The winner and what it means

  • Grock 3 emerged as the winner of this Flappy Bird benchmark.
  • Why it stood out:
    • More stable gravity and collision behavior
    • More reliable spacebar responsiveness
    • Fewer quirky rendering anomalies compared to other models
  • Takeaway: even with a single shared prompt and the same task, model performance can be all over the map. The best result often comes from a model that handles the control flow and timing more predictably, not just raw language quality.
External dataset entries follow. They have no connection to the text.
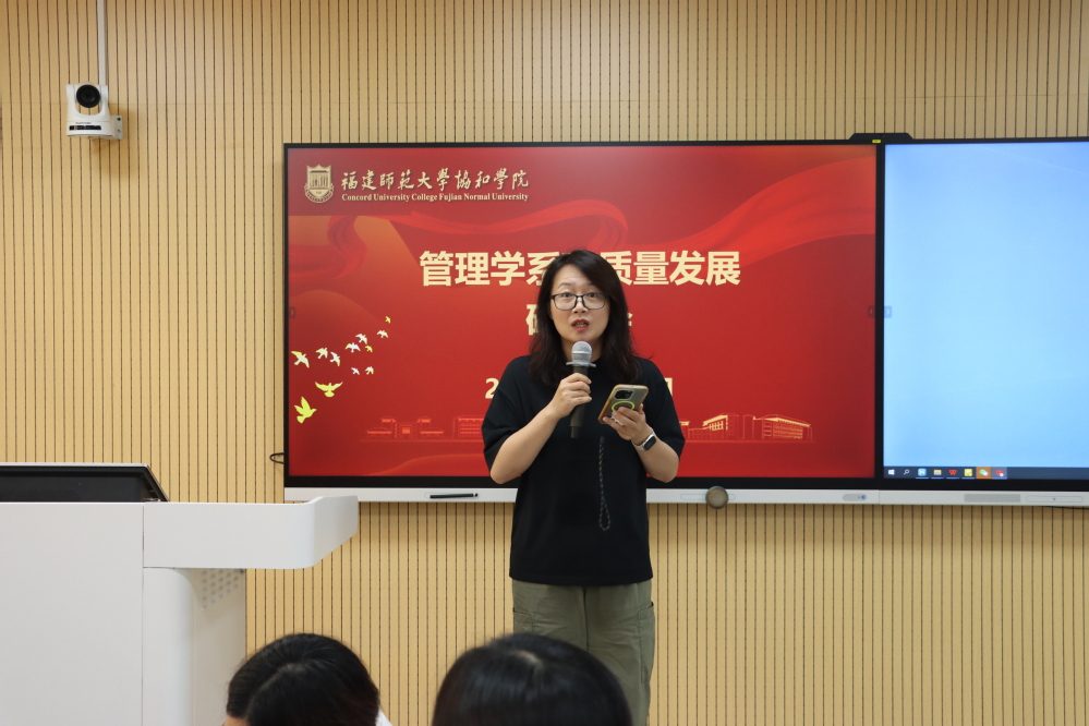 系主任雷金英在会议总结中,首先向踊跃建言献策的全系教职工表示衷心感谢。她深刻阐述了科学编制“十五五”规划对于我系精准把握历史机遇、有效应对时代变革、全面提升育人质量与学科核心竞争力的极端重要性。针对下一步规划编制与实施工作,雷金英主任明确提出三点要求:一是要优化结构,强化内涵建设,积极推动数智技术全面赋能专业转型升级,打造适应未来的学科专业新体系;二是要优化专业,创新教学模式,促进教学方法与学习方式与时俱进,全面提升人才培养能力;三是要树立王牌,勇于担当作为,集中资源培育和建设一批在省内乃至国内具有显著影响力和竞争力的品牌特色专业,引领我系整体办学水平的飞跃。
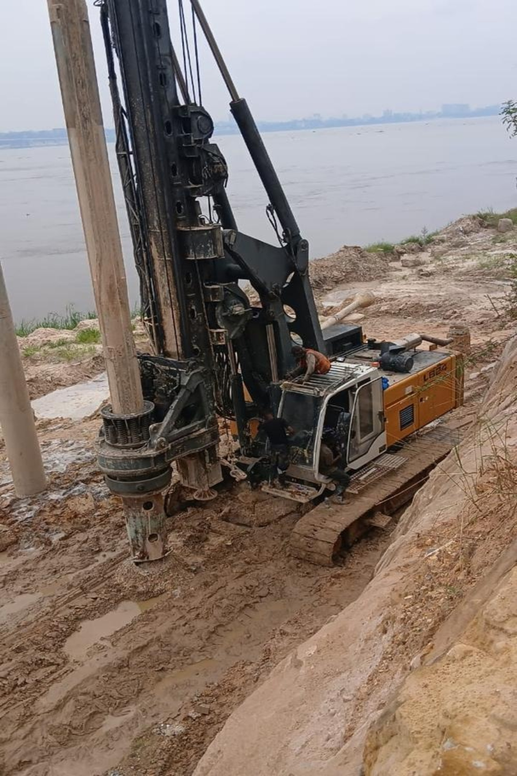 The subsurface consists of brownish soft sandy clay over dense yellowish sand — two layers with different compressibility and strength behavior. These conditions were carefully addressed through geotechnical design and controlled pile execution. A shallow groundwater table, influenced by the nearby river, was also considered to maintain stability during construction.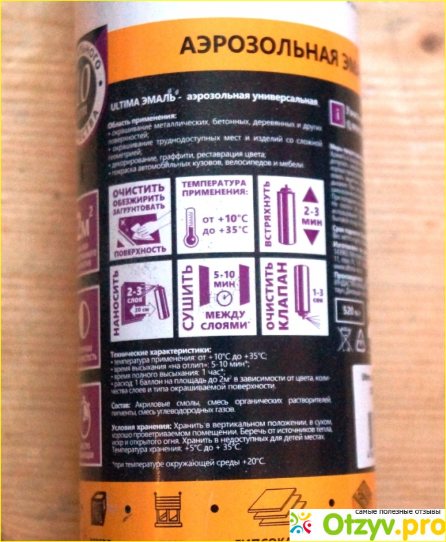 Производителем данной эмали является страна Китай, но все надписи на баллончике написаны на русском языке. Надписи на баллончике довольно информативные и позволяют покупателю получить полную информацию о предназначении этой эмали, об её технических характеристиках, узнать состав, условия хранения, меры предосторожности при работе с ней и много еще полезных вещей.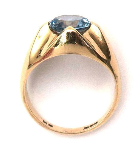 Ring af 14 kt. guld, prydet med aquamarinfarvet, facetteret sten, diameter 8 mm. Ring Str. 54½, samlet vægt ca. 4,5 gr.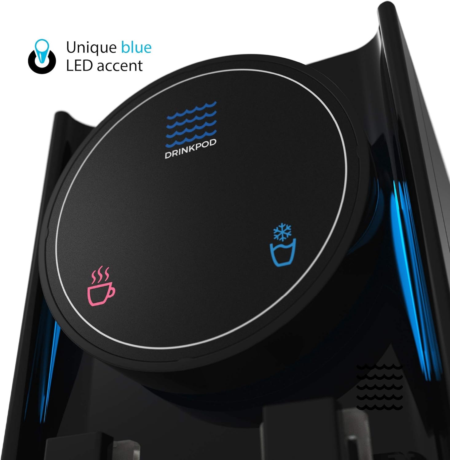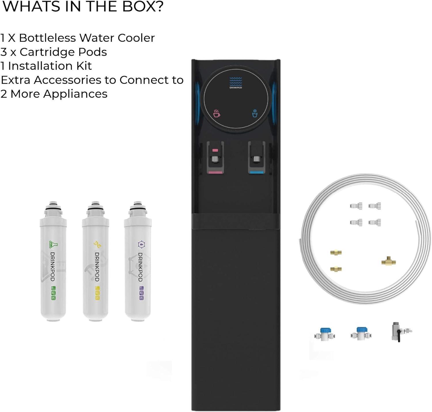 The Drinkpod 6 Series Bottleless Water Cooler Dispenser is slim and attractive and features a unique blue led accent light. that will add a beautiful touch to any home or office setting. With two independent temperature modes. this water cooler is outfitted to meet and exceed all your drinking needs. From a piping hot cup of Chai tea. or a crisp refreshing glass of chilled delicious water. every drop from the water cooler dispenser will leave you wanting more. The Drinkpod Pro Series 6 Water Cooler connects to an existing water line to supply delicious fresh pristine water though its ULTRA +3 Pod technology contained inside a magnetic door in the water cooler dispenser A complete installation kit is included with a detailed easy to read manual and illustrations to get you set up in less than 30 minutes. The Drinkpod Bottleless Water Cooler is also equipped with a bonus Ice/Café Connect and can provide refreshing delicious water for up to 2 additional appliances like your ice-maker and coffeemaker. Dimensions: 10.24 W x 17.72 L x 43.7 H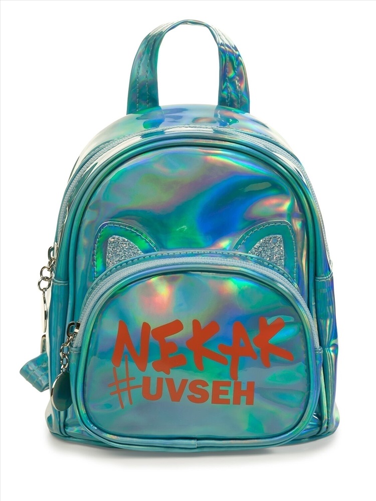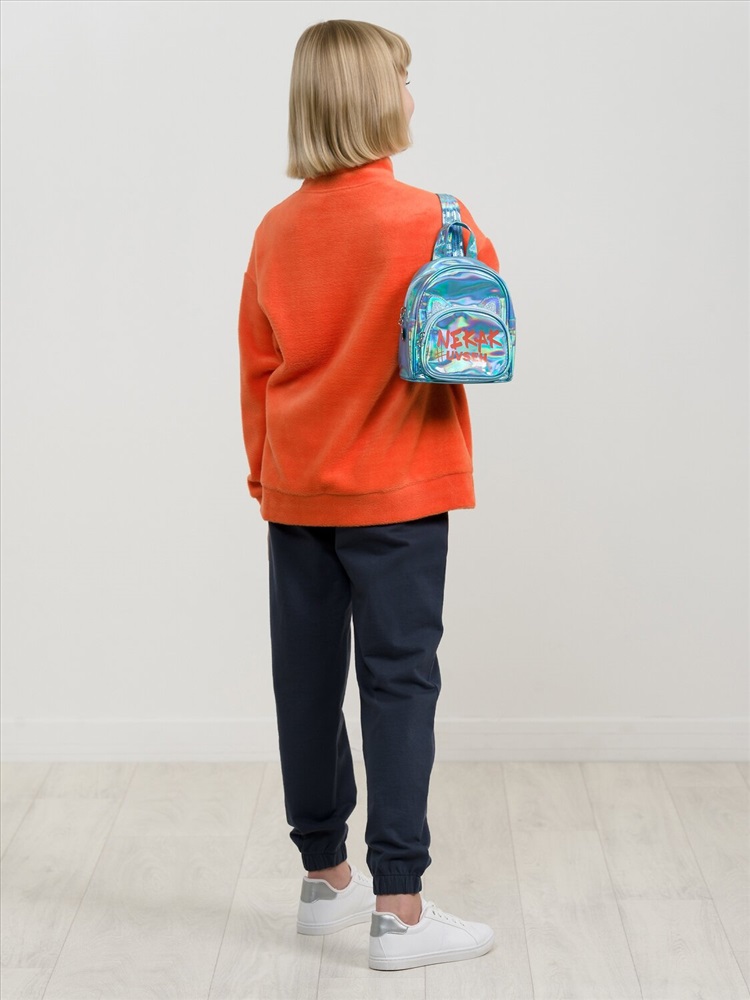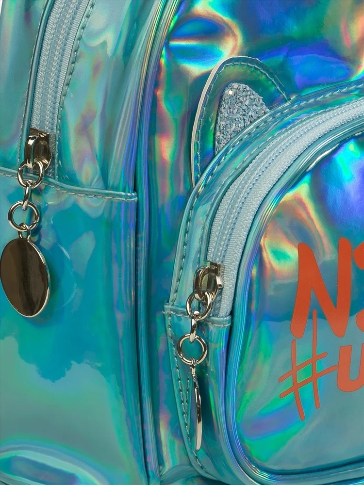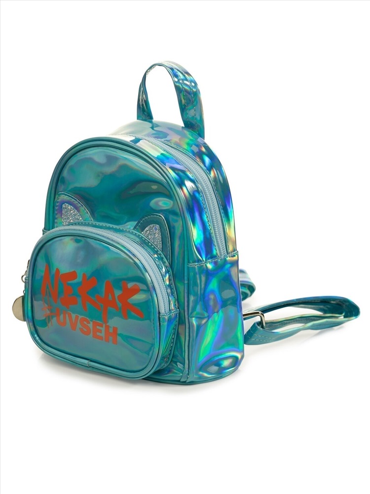 Рюкзак из искусственной лакированной кожи с голографическим отливом. Хорошо держит форму. В рюкзаке 1 отделение и 1 внешний карман. Лямки регулируются по длине. Декор пришивные ушки с голографическим глиттером и яркий принт. Перевод НЕКАК #УВСЕХ.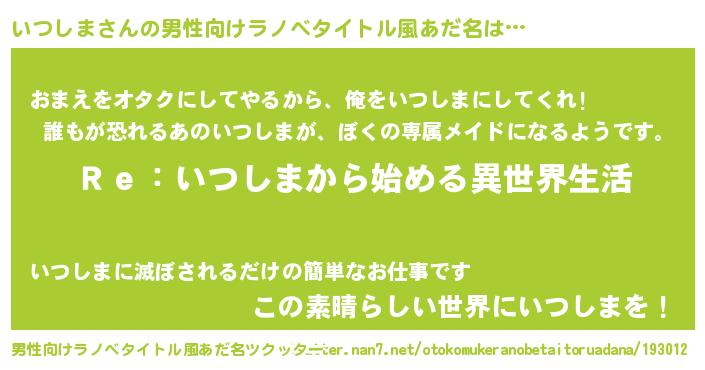 | 女子向けラノベタイトル風あだ名 | 『闇のいつしま』『いつしまの契約王妃』 |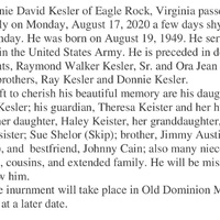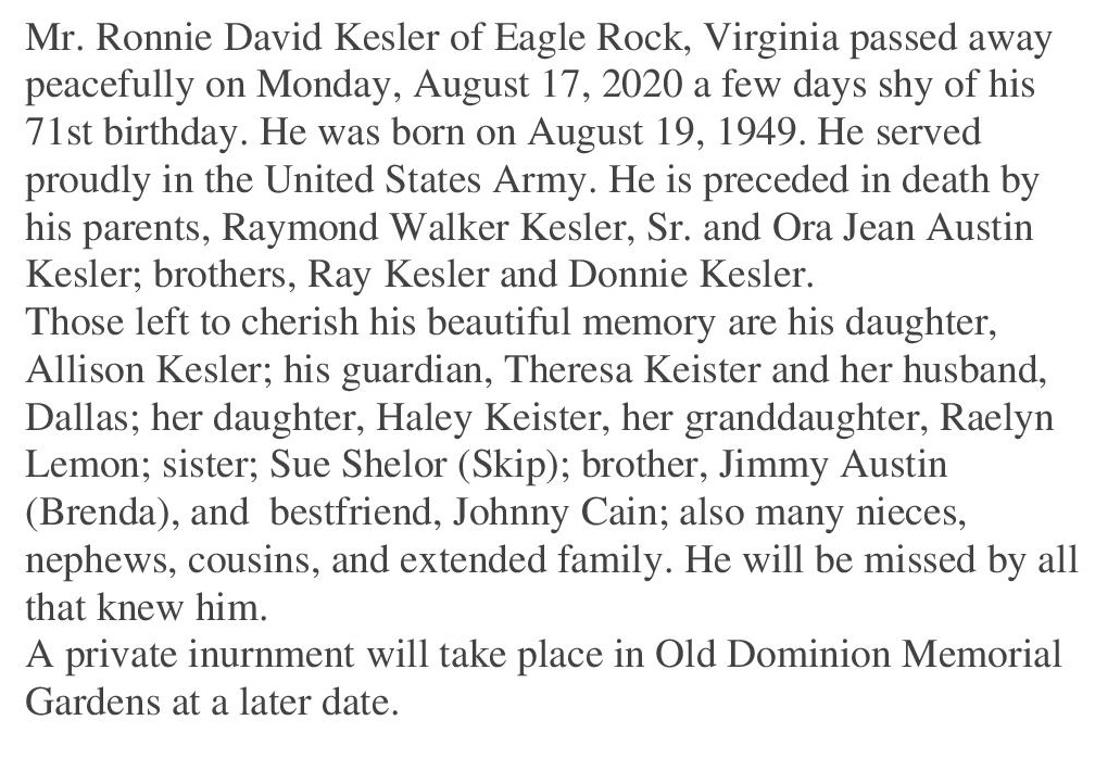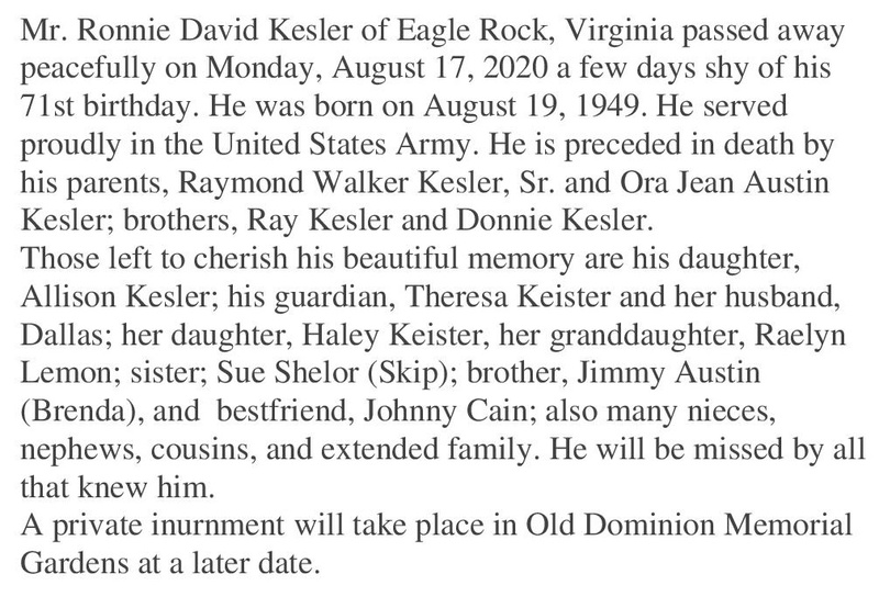 - Ronnie David Kesler, of Eagle Rock, was born on August 19, 1949 to Raymond Walker Kesler, Sr. and Ora Jean Austin Kelser. He had one daughter, Allison Kesler. Ronnie Kesler died on August 17, 2020, and is buried in Old Dominion Memorial Gardens.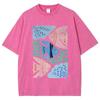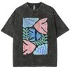 Feng Shui Minimalist Cartoon Printed Men's T-shirt Large Loose T-shirt Casual Retro Washed Short Sleeved T-shirt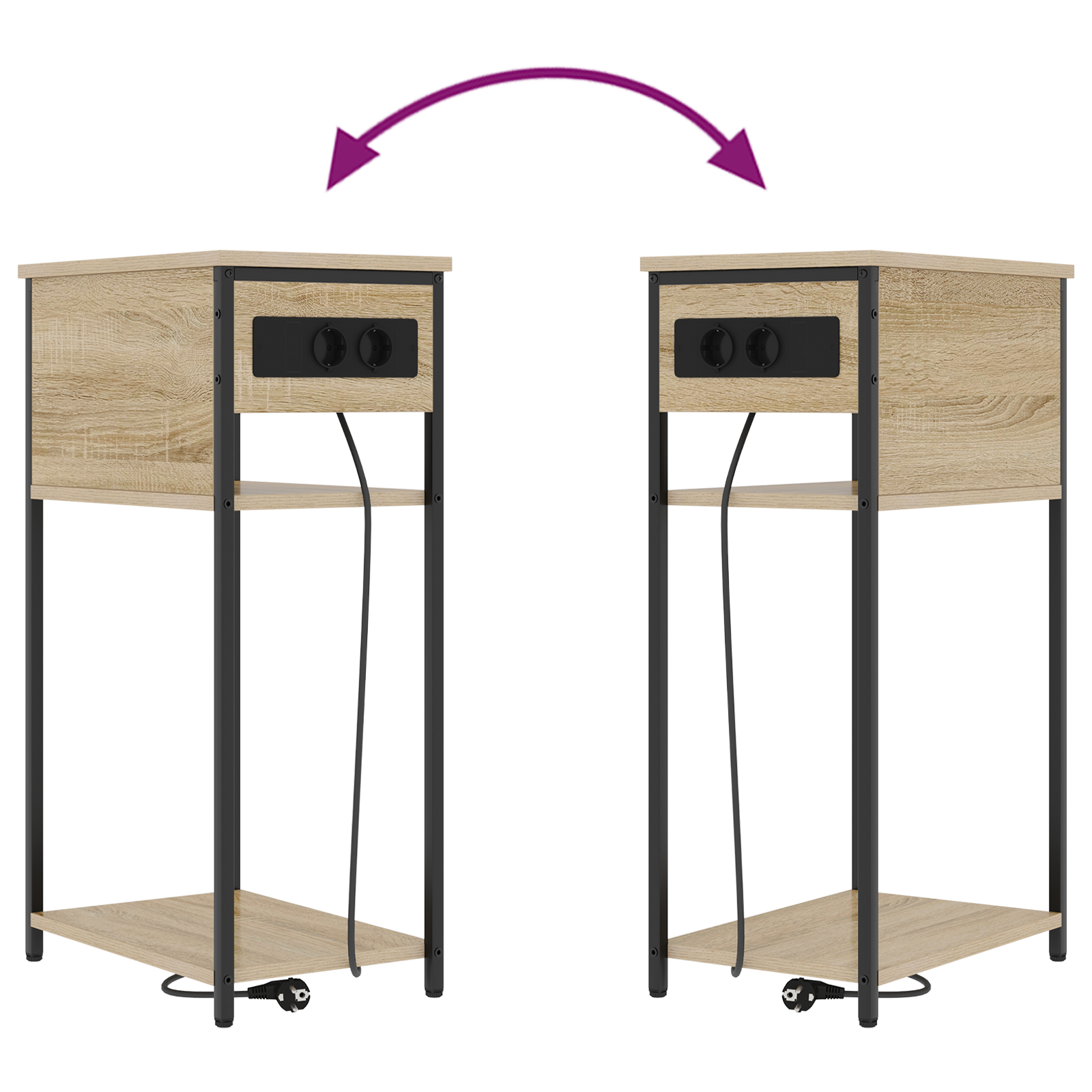 • Materiály: Noční stolek je vyroben z kompozitního dřeva, což mu dodává odolný a hladký povrch. Ocelové nohy mu poskytují silnou oporu a skvěle doplňují rustikální vzhled, takže stolek vydrží a přitom se dobře hodí do moderního interiéru.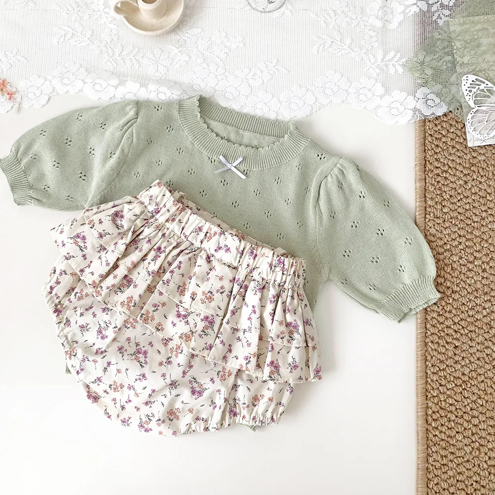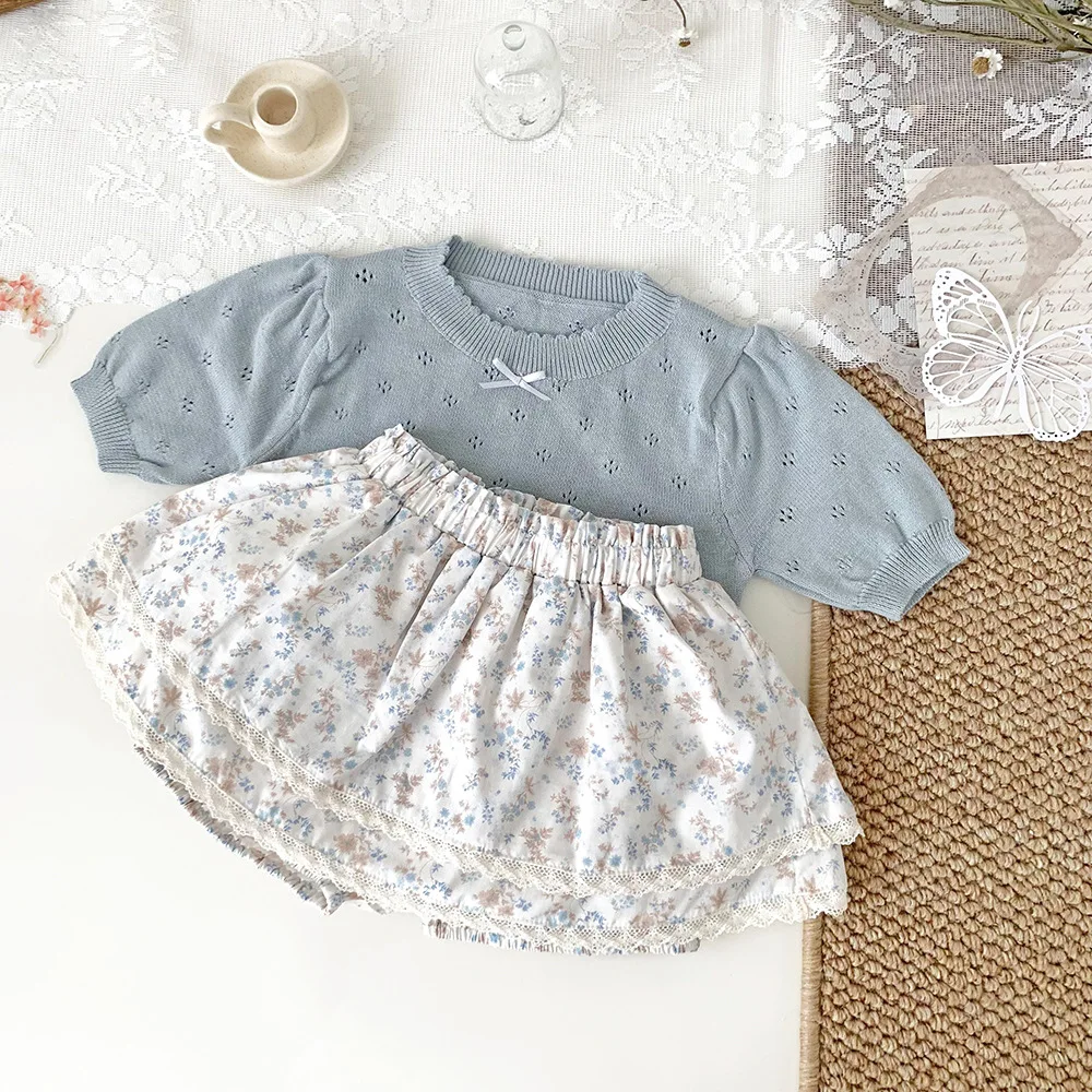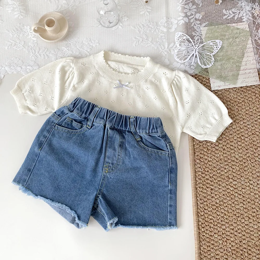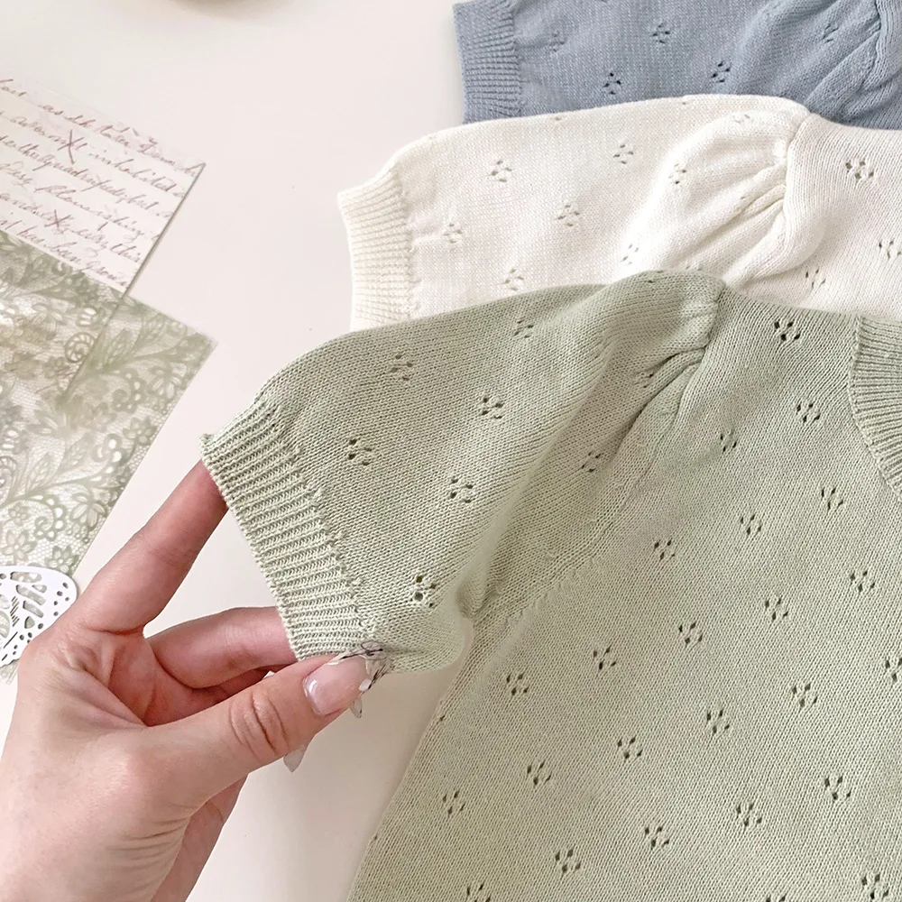 夏の季節にぴったりのベビーキッズトップスが登場しました。レースニット素材で作られた半袖パフスリーブのサマーセーターは、涼しげで軽やかな着心地を提供します。繊細なリボンデザインとホローアウトのディテールが、お子様のファッションに可愛らしさを加えます。ライトグリーン、アイボリー、グレーブルーの3カラーからお選びいただけます。夏の日差しの中で、涼やかな装いをお楽しみください。

Notable moments and gotchas

  • The experiment wasn’t just about accuracy; it was about “playability” and responsiveness in a simple game loop. Some models produced nice text but struggled to drive a real-time PyGame window smoothly.
  • Syntax hiccups and code integration issues were common (hence the Copilot mentions). Having a quick fix path can save lots of time but doesn’t change the underlying model performance.
  • Visual quirks (bird shapes, velocities) reminded that rendering decisions can skew perceived performance even when logic is correct.

How you can reproduce

  • Use a fixed prompt across all models to ensure comparability.
  • Create a separate folder per model and place a minimal PyGame-based main.py in each.
  • Run: python main.py from each model’s folder and observe:
    • Responsiveness to spacebar
    • Consistency of gravity and bird movement
    • Stability of the game loop (no freezes or crashes)
  • Grade each model by how playable the result is, not just whether it runs.

Actionable takeaways

  • When benchmarking AI models on code tasks, prioritize runtime behavior and user experience (e.g., input responsiveness, frame rate stability) in addition to correctness.
  • A single “best” model can be elusive; you may need to test multiple generations within a provider’s lineup to find a playable option.
  • Don’t rely on a model’s language quality alone—test its ability to produce real-time, deterministic results in an executable environment.
  • Having quick tooling fixes (e.g., Copilot or editor assist) is helpful, but keep the core tests model-centric rather than tool-centric.

If you want more AI/battery-tested benchmarks like this, I’ll run additional rounds and share the breakdowns with a focus on real-time performance and robustness.